There she grumbled, “I think it is time I resumed being Thor. I am tired of being slighted.”

“Slighted? How?”

“Do I get introduced by name to a stranger? Ni allis! But that big-nosed Armenian creature? Ja waíla! The name Genovefa is perhaps negligible. The name Thor is not. It makes people take notice. And I prefer to be noticed, not treated as a mere appendage to the grand marshal Thorn. On the trail I am only your servile cook. In company I am regarded as your traveling whore, and am condescendingly ignored. I suggest that, from this place onward, we take turns. You ride for some days as Veleda, and I as Thor, and so on alternately. See how
you
like being the female and the mediocrity.”

“I should not like it,” I said with weary patience. “But not because I have ever felt inferior as a female. Only because I
am
the king’s marshal, and I must maintain that identity while I am on the king’s mission. You may do as you please. Be man or woman, whichever you please, whenever you please.”

“Very well. This night I wish to be Thor, and no one else. Here—put your hand here and you will realize that I am Thor.”

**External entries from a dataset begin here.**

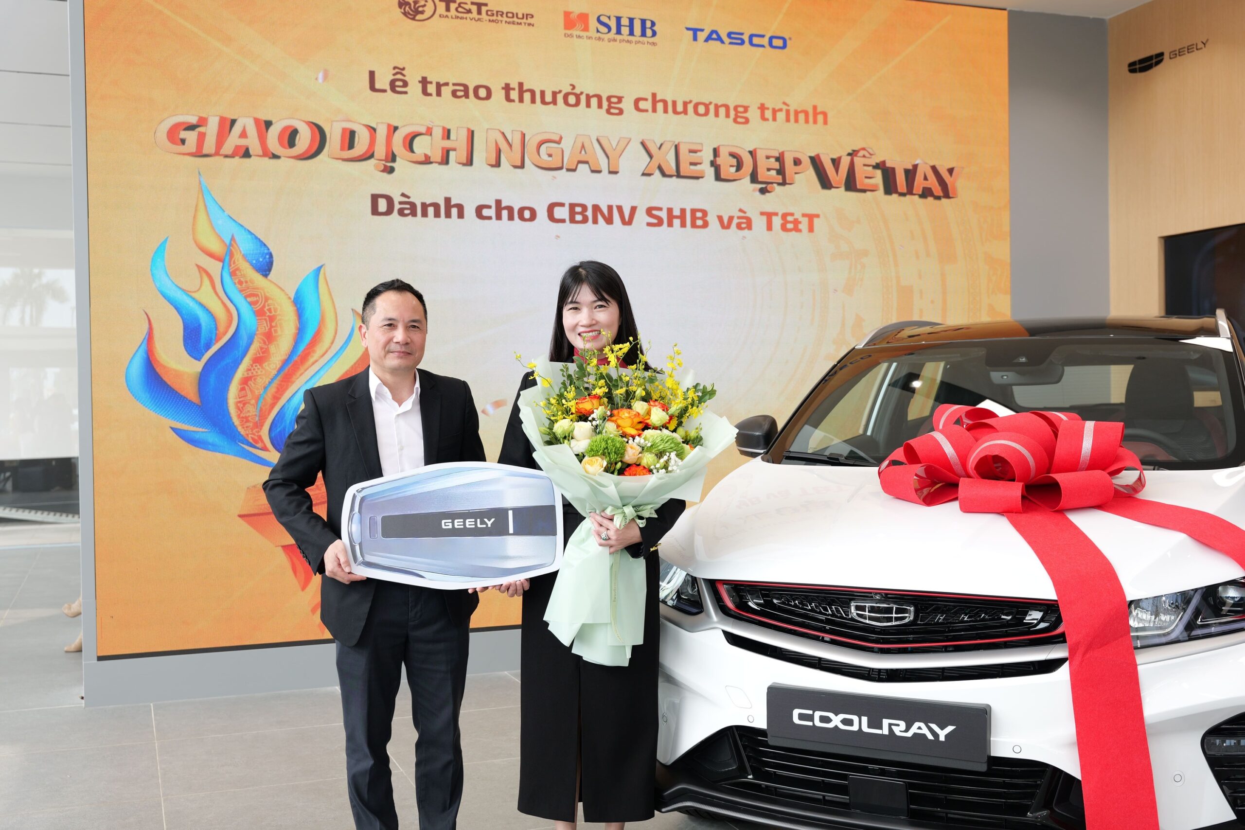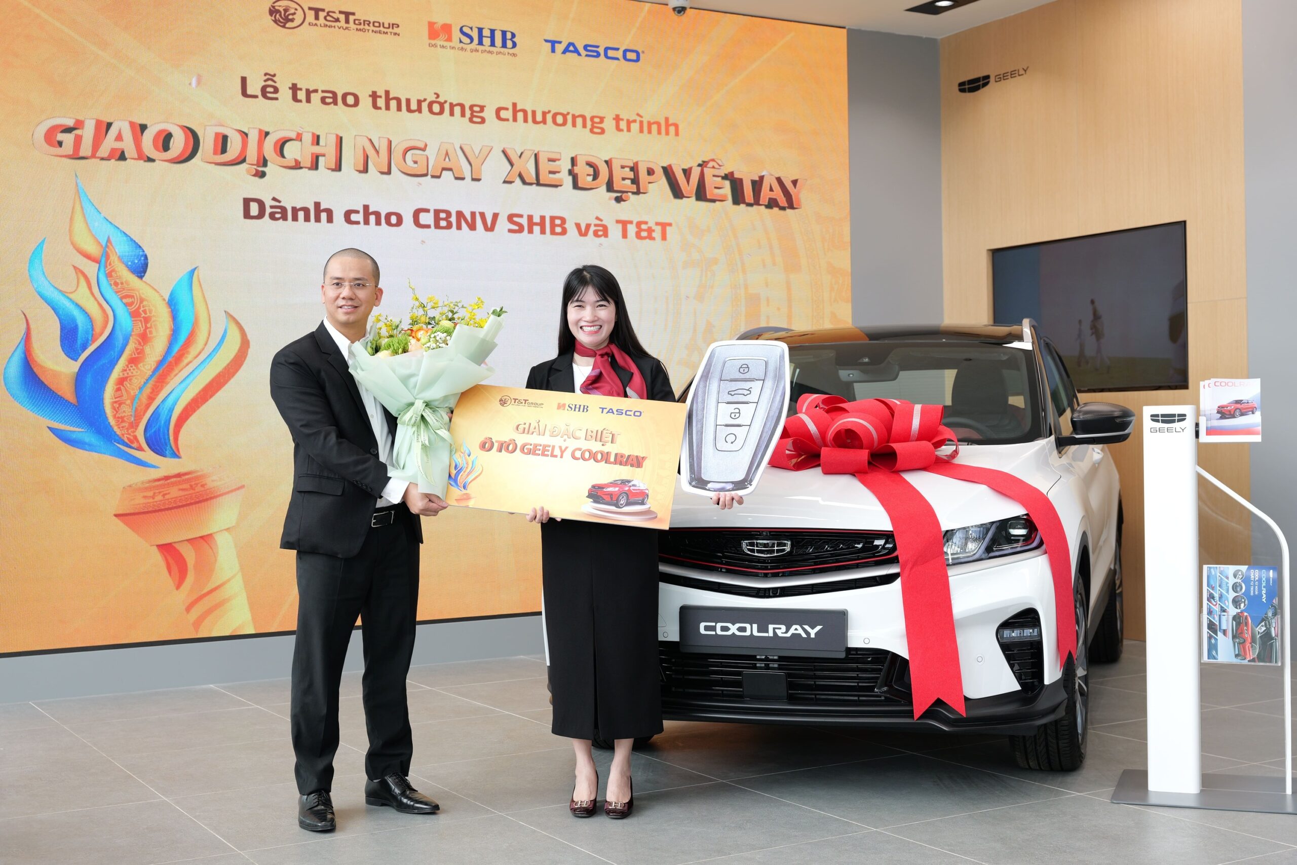 Lễ trao giải diễn ra trong không khí phấn khởi khi ba cán bộ nhân viên may mắn nhất chính thức được xướng tên và trở thành chủ nhân của Geely Coolray phiên bản Flagship – phần thưởng giá trị nhất của chương trình năm nay. Đây không chỉ là sự ghi nhận những đóng góp của cán bộ nhân viên mà còn đánh dấu sự hợp tác chiến lược giữa Geely Việt Nam và SHB & T&T Group, khẳng định cam kết mang đến những sản phẩm chất lượng, hiện đại và tiên tiến đến với thị trường Việt Nam.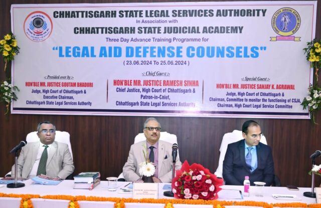 प्रशिक्षण कार्यक्रम में छत्तीसगढ़ उच्च न्यायालय के न्यायाधीश एवं छत्तीसगढ़ राज्य विधिक सेवा प्राधिकरण के कार्यपालक अध्यक्ष न्यायमूर्ति श्री गौतम भादुड़ी ने कौंसिलों से कहा कि नालसा एवं सालसा का मुख्य उद्देश्य निर्दाेष एवं जरूरतमंदों की सुरक्षा सुनिश्चित करना है। इस हेतु डिफेंस कौंसिल सिस्टम में नियुक्त सभी कौंसिल अपने कार्य को नियोजन न मानकर सेवा कार्य के रूप में जिम्मेदारी से निर्वहन करें।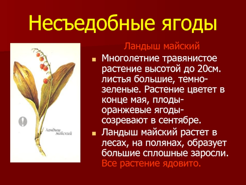 Ландыш майский растет в лесах, на полянах, образует большие сплошные заросли. Все растение ядовито.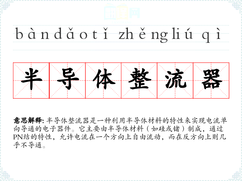 “半导体整流器”一词源于“半导体”和“整流器”两个词汇的结合。半导体是指电导率介于导体和绝缘体之间的材料,而整流器是一种能够转换电流方向的设备。随着电子技术的发展,半导体整流器的材料和设计也在不断进步。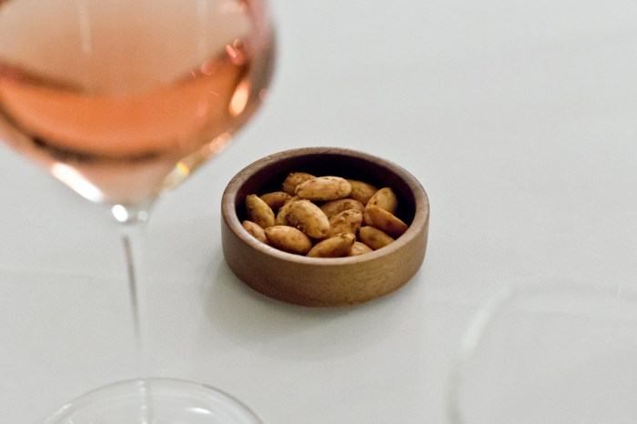 Wir starten mit einem Glas Champagner in den Abend. Dazu serviert man uns selbstverfeinerte Mandeln mit Curcuma, Zitrone und Ingwer.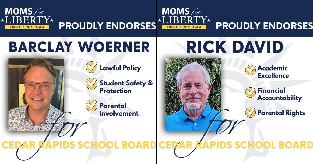 Why this race stands out: Because of the national hoopla surrounding Linn-Mar, the Linn County-Moms for Liberty is inserting its influence into other Linn County school board races, including Cedar Rapids. The chapter endorsed Rick David and Barclay Woerner.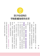 孩子正常發育到十二歲左右(男孩通常會延後一到二年),就開始進入青春期。但如果女孩在八歲之前,男孩在九歲之前,就有第二性徵發育現象(女孩乳房發育,男孩睪丸和陰莖增大。)我們稱之為性早熟。
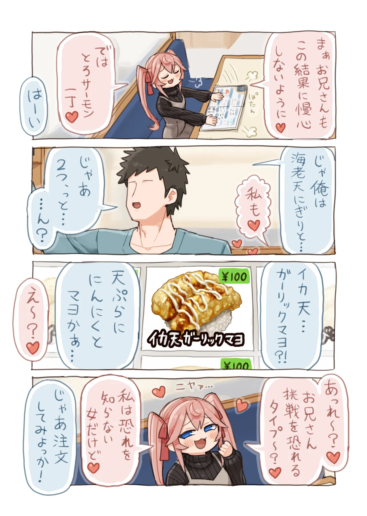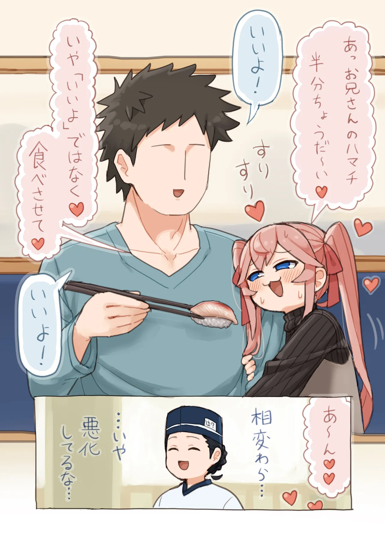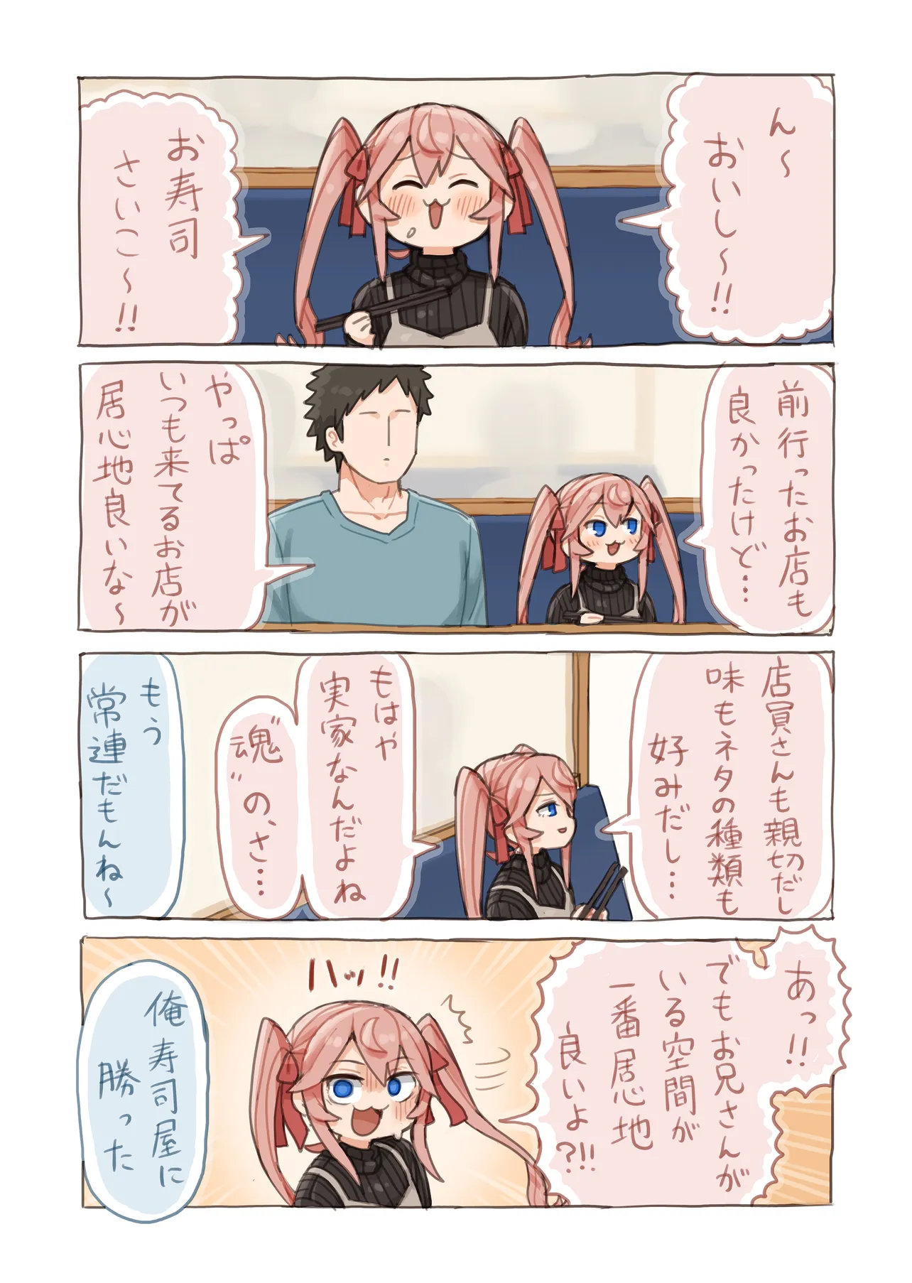 Twitterで大人気! ナマイキ少女とお兄さんの、お寿司でつながる物語が短期集中連載! ★この作品は、皆さんの再生数、お気に入り数によって今後の継続が決まります。 気に入ったらぜひお気に入り登録して、コメントなどで応援してください!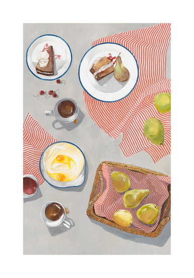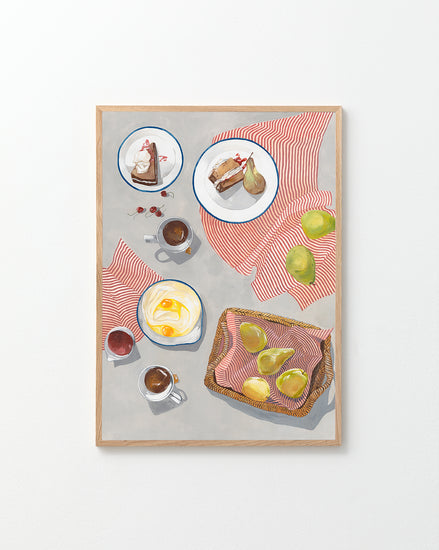 Imagine a peaceful moment spent with a dear friend or beloved over a cup of tea and pastry. This beautiful poster brings a little bit of sweetness wherever you choose to hang it.The painting depicts a classic tea time scene of tea cups, cake and fruit on a table top covered in red and white striped cloths. Whether you hang it in your kitchen or in a coffee shop, it's sure to bring the room to life!

So all that night I was Veleda, and no one else. And Thor rode me hard, punishingly, vindictively, using me as his receptacle in every way a female can be used, again and again. But if he was doing his utmost to make me feel inferior, he did not succeed. A woman can be soft and submissive without ever feeling subservient, all the while thoroughly—akh!
throbbingly!
—enjoying the experience.

During the intervals between our couplings that night, while Thor rested and recuperated, I reflected. Early in life, I had recognized in myself the various masculine and feminine traits of personality, and thereafter I had striven to cultivate the more admirable attributes of both sexes, and to subdue the baser. But, like a speculum image, in which everything is the same but reversed, this twin of mine seemed to have done just the opposite. Thor was everything reprehensible in a male: insensitive, overbearing, self-centered, demanding and greedy. Genovefa was everything unlovely in a female: fretful, suspicious, spiteful, demanding and greedy. Both those entities were beautiful to look upon, and eminently satisfying in sexual embrace. But one cannot be always admiring or embracing one’s mate. Had I been a woman, I could not long have endured the boorish Thor as a husband. Had I been a man, I could not have endured the shrewish Genovefa as a wife. Yet here was I, all but wedded to them
both.

I was learning what my juika-bloth had learned when it fed on uncooked boar entrails—that a raptor can be eaten by its prey, from the inside. Just so, as if my guts were invisibly bleeding, I was being sapped of my strength, my will, my
self.
For the regaining of my independence and individuality, perhaps for my very survival, I must disgorge this prey and wean myself from this disastrous diet. But how could I, when it was so irresistibly tasty as to be habit-forming?